### Data for review
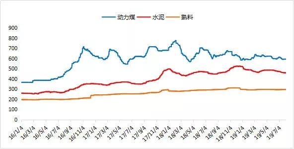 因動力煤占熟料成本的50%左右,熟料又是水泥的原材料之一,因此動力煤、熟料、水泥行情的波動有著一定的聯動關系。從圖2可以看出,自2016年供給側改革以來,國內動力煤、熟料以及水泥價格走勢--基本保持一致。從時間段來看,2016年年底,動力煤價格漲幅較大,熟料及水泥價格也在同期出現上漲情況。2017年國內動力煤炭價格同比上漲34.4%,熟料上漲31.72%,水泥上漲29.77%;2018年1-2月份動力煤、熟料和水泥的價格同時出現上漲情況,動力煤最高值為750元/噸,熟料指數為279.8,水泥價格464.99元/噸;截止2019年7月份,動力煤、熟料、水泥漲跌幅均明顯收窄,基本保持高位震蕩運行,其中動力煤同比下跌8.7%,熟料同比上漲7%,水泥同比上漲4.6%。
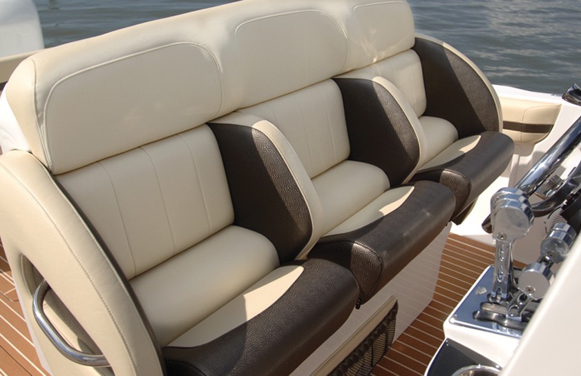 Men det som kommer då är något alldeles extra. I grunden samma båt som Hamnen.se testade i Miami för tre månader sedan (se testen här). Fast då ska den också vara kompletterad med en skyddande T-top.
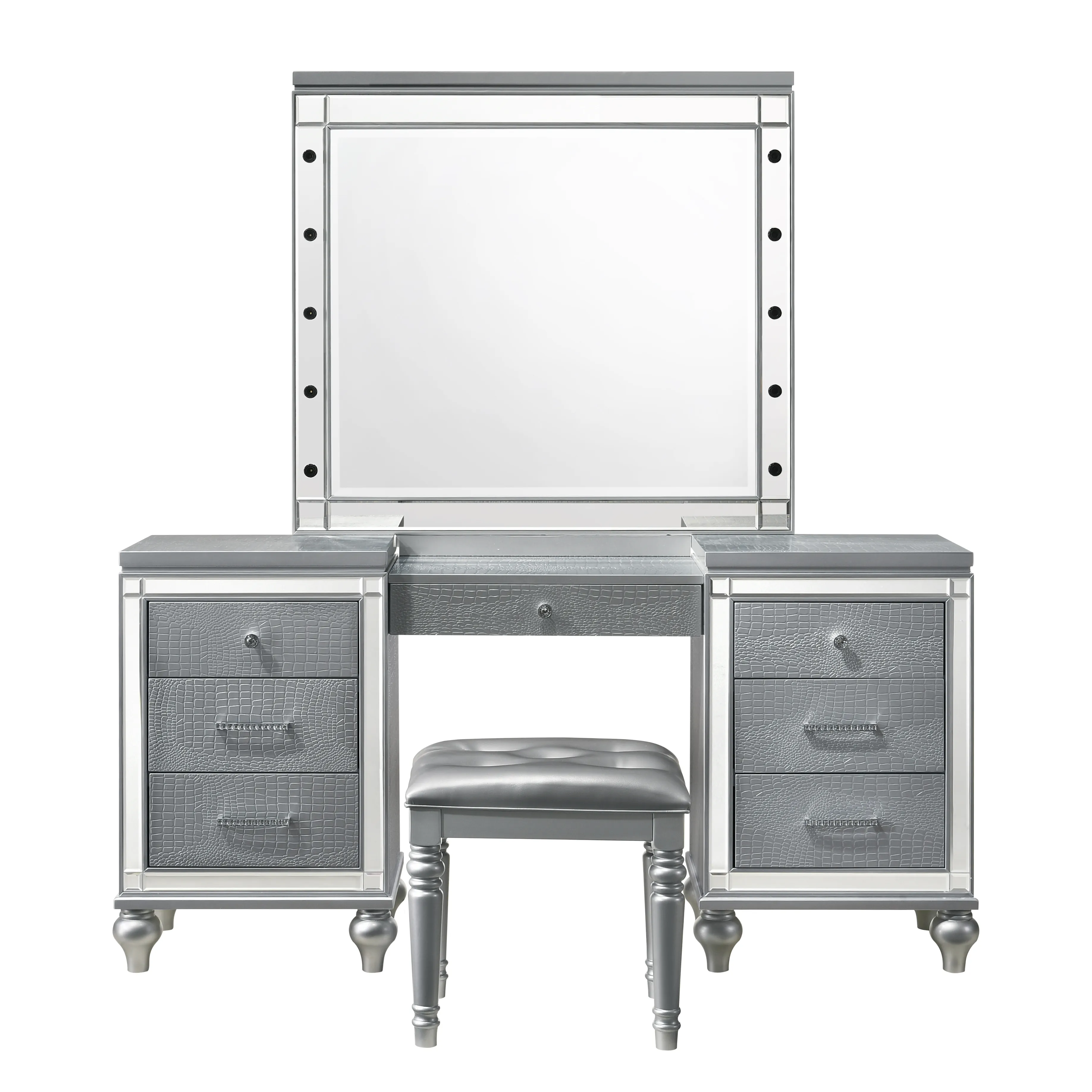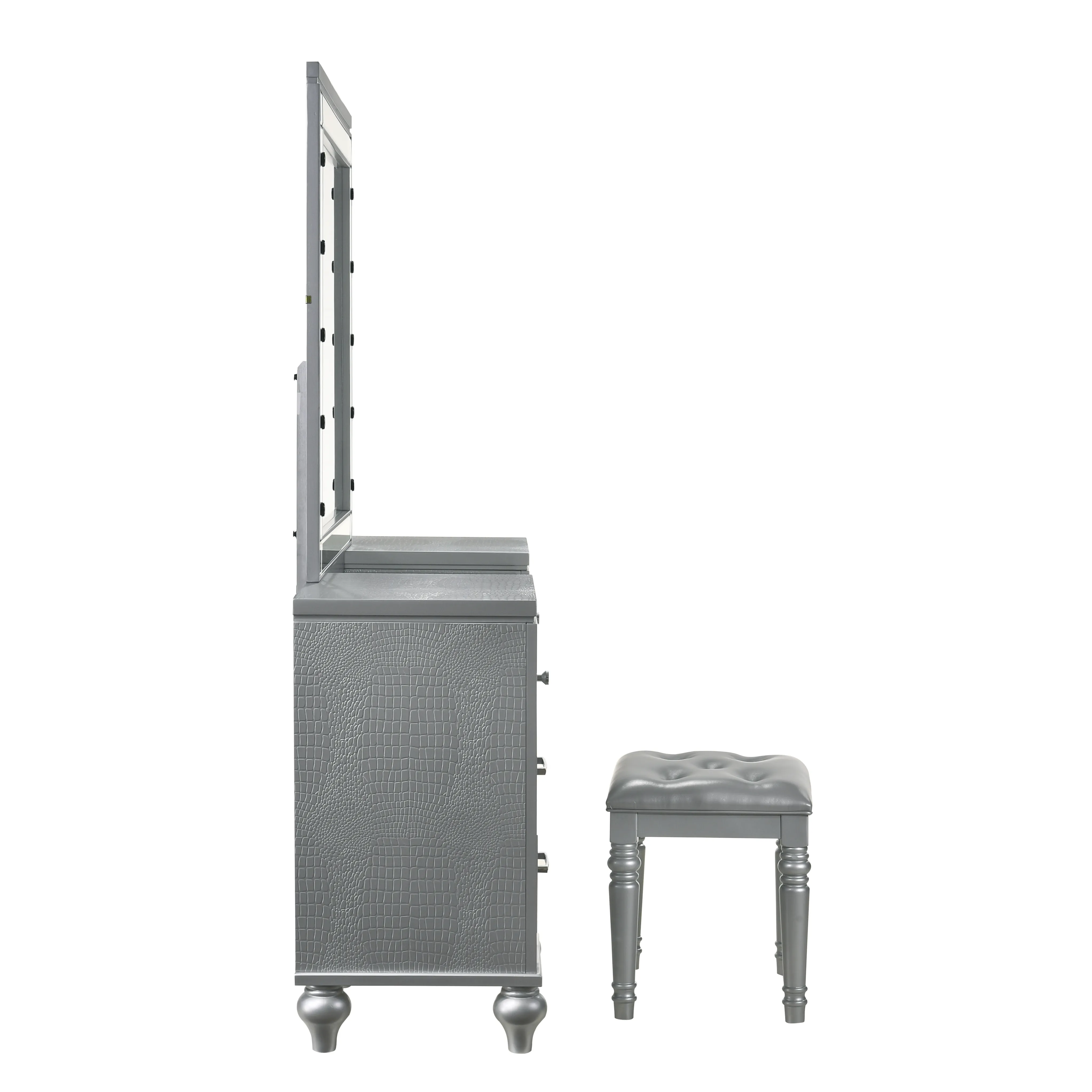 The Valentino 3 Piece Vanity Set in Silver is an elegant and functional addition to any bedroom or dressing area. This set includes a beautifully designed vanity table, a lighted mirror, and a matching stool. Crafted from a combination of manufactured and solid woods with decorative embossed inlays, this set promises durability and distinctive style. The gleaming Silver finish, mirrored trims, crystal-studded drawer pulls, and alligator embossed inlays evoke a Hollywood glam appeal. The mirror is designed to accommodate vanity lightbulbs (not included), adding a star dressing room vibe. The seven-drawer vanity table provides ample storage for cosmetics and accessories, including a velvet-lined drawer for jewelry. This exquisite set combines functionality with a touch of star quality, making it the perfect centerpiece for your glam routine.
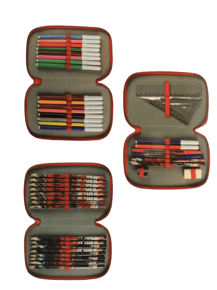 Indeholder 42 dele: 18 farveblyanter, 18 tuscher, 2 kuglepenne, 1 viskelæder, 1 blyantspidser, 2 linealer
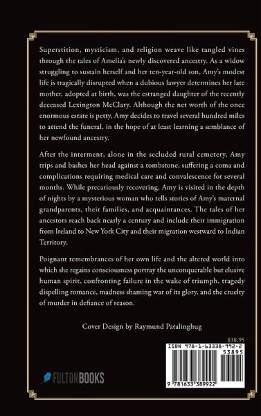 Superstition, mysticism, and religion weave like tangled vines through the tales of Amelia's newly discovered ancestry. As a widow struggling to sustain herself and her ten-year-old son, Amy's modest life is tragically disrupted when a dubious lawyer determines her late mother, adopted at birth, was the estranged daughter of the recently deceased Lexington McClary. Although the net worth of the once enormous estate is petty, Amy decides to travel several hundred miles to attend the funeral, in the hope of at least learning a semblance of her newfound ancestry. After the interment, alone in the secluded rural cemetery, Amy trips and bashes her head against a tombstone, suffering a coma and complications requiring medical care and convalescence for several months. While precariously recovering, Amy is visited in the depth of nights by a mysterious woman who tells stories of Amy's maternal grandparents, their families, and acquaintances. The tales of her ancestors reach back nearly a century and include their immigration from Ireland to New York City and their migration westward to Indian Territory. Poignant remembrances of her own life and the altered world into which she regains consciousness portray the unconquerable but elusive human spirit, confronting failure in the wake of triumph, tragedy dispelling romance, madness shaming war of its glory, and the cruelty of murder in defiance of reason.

...

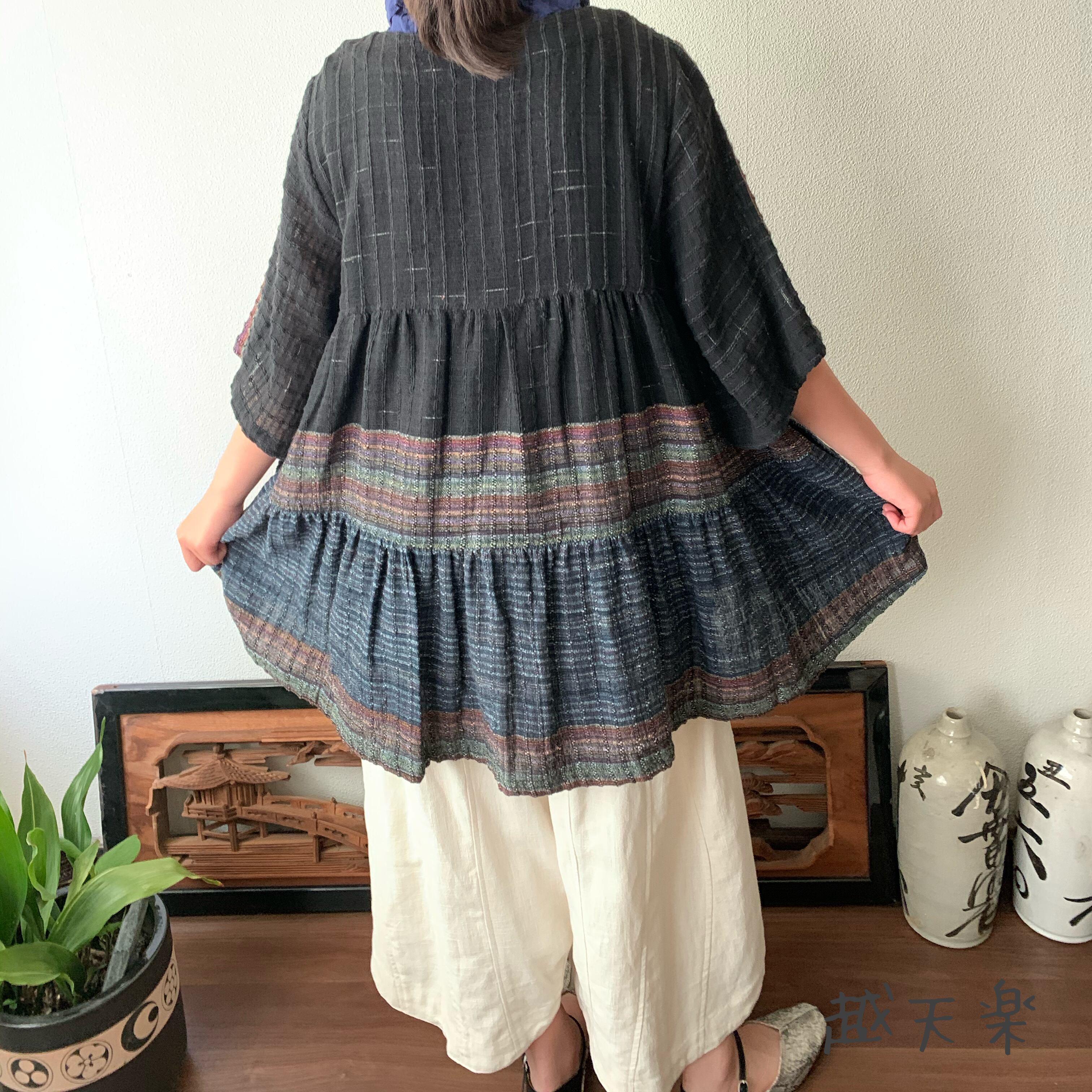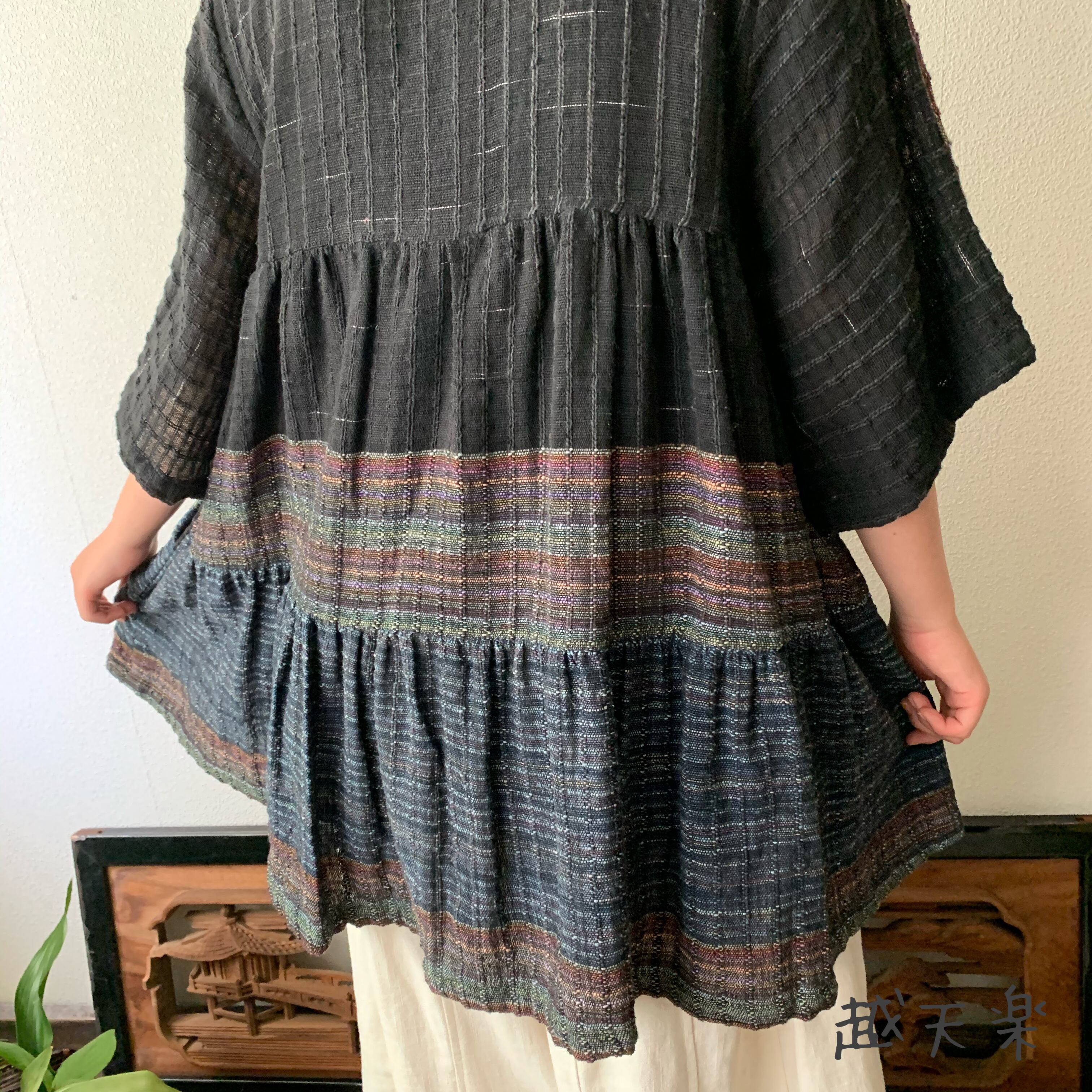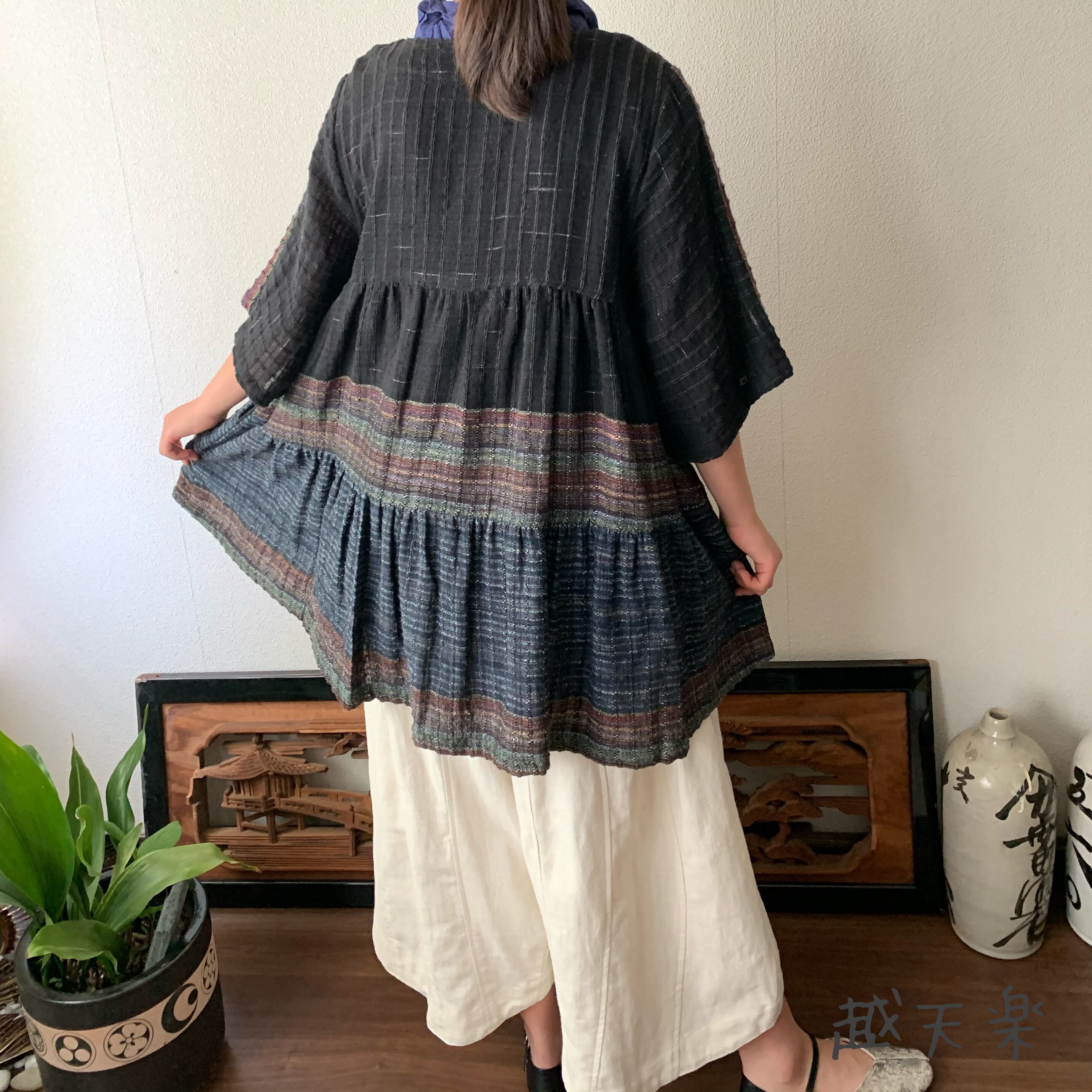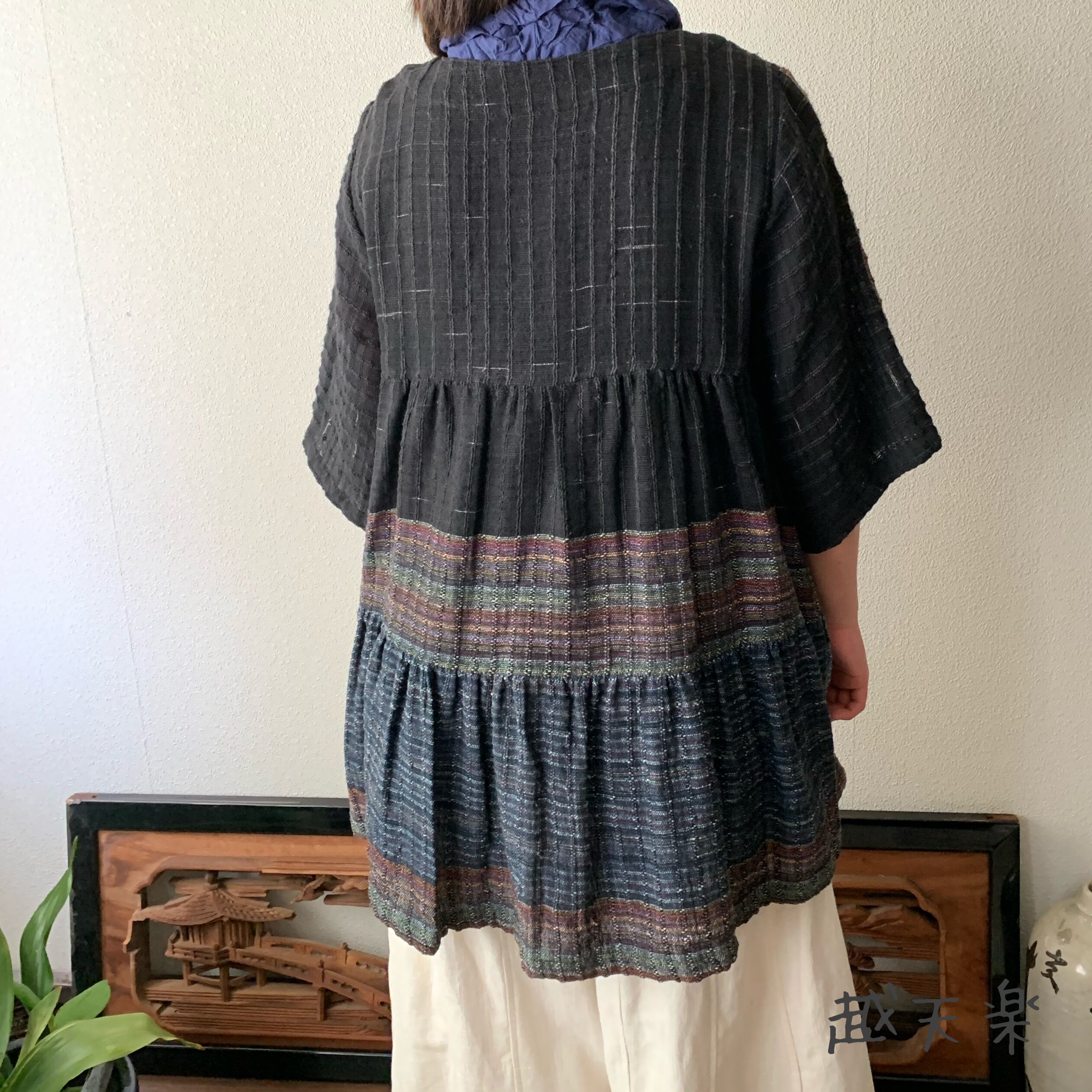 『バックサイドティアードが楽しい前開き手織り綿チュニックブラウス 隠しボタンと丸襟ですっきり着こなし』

### Try it
Output only the lines above from the line that holds "Men det som" through the line that holds "Indeholder 42 dele: 18", both ends included, and exclude pictures.

### Written answer
 Men det som kommer då är något alldeles extra. I grunden samma båt som Hamnen.se testade i Miami för tre månader sedan (se testen här). Fast då ska den också vara kompletterad med en skyddande T-top.
 The Valentino 3 Piece Vanity Set in Silver is an elegant and functional addition to any bedroom or dressing area. This set includes a beautifully designed vanity table, a lighted mirror, and a matching stool. Crafted from a combination of manufactured and solid woods with decorative embossed inlays, this set promises durability and distinctive style. The gleaming Silver finish, mirrored trims, crystal-studded drawer pulls, and alligator embossed inlays evoke a Hollywood glam appeal. The mirror is designed to accommodate vanity lightbulbs (not included), adding a star dressing room vibe. The seven-drawer vanity table provides ample storage for cosmetics and accessories, including a velvet-lined drawer for jewelry. This exquisite set combines functionality with a touch of star quality, making it the perfect centerpiece for your glam routine.
 Indeholder 42 dele: 18 farveblyanter, 18 tuscher, 2 kuglepenne, 1 viskelæder, 1 blyantspidser, 2 linealer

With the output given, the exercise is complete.